### BRIEF
Copy the data exactly. Leave nothing out.
+++ AVAILABLE DATA
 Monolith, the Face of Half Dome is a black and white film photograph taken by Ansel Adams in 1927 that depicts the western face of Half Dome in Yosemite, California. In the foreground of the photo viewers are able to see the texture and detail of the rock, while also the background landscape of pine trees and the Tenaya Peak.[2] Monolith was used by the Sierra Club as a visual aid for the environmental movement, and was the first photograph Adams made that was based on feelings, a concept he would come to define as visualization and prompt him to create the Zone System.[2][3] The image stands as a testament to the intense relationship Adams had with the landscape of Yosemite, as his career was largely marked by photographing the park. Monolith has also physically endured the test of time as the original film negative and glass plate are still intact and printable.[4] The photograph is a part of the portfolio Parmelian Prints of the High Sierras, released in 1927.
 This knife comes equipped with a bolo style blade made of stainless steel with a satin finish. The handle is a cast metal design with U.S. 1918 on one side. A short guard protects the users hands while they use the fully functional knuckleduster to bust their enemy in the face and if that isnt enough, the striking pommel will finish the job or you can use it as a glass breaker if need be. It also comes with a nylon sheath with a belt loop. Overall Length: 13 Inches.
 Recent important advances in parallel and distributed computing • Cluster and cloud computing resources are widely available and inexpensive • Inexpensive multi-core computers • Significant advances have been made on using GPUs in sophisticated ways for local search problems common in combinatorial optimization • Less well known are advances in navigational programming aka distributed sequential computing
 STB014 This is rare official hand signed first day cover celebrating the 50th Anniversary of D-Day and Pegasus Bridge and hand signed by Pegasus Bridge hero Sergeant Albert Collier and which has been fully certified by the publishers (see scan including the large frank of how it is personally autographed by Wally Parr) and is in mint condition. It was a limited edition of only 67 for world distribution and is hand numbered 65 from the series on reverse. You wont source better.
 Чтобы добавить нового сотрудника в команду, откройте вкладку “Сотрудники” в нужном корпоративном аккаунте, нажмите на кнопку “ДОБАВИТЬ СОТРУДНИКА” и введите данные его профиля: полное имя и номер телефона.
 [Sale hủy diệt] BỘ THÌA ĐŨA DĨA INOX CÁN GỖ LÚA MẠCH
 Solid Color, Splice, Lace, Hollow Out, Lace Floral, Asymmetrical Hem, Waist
++++++
### SOLUTION BELOW
 Monolith, the Face of Half Dome is a black and white film photograph taken by Ansel Adams in 1927 that depicts the western face of Half Dome in Yosemite, California. In the foreground of the photo viewers are able to see the texture and detail of the rock, while also the background landscape of pine trees and the Tenaya Peak.[2] Monolith was used by the Sierra Club as a visual aid for the environmental movement, and was the first photograph Adams made that was based on feelings, a concept he would come to define as visualization and prompt him to create the Zone System.[2][3] The image stands as a testament to the intense relationship Adams had with the landscape of Yosemite, as his career was largely marked by photographing the park. Monolith has also physically endured the test of time as the original film negative and glass plate are still intact and printable.[4] The photograph is a part of the portfolio Parmelian Prints of the High Sierras, released in 1927.
 This knife comes equipped with a bolo style blade made of stainless steel with a satin finish. The handle is a cast metal design with U.S. 1918 on one side. A short guard protects the users hands while they use the fully functional knuckleduster to bust their enemy in the face and if that isnt enough, the striking pommel will finish the job or you can use it as a glass breaker if need be. It also comes with a nylon sheath with a belt loop. Overall Length: 13 Inches.
 Recent important advances in parallel and distributed computing • Cluster and cloud computing resources are widely available and inexpensive • Inexpensive multi-core computers • Significant advances have been made on using GPUs in sophisticated ways for local search problems common in combinatorial optimization • Less well known are advances in navigational programming aka distributed sequential computing
 STB014 This is rare official hand signed first day cover celebrating the 50th Anniversary of D-Day and Pegasus Bridge and hand signed by Pegasus Bridge hero Sergeant Albert Collier and which has been fully certified by the publishers (see scan including the large frank of how it is personally autographed by Wally Parr) and is in mint condition. It was a limited edition of only 67 for world distribution and is hand numbered 65 from the series on reverse. You wont source better.
 Чтобы добавить нового сотрудника в команду, откройте вкладку “Сотрудники” в нужном корпоративном аккаунте, нажмите на кнопку “ДОБАВИТЬ СОТРУДНИКА” и введите данные его профиля: полное имя и номер телефона.
 [Sale hủy diệt] BỘ THÌA ĐŨA DĨA INOX CÁN GỖ LÚA MẠCH
 Solid Color, Splice, Lace, Hollow Out, Lace Floral, Asymmetrical Hem, Waist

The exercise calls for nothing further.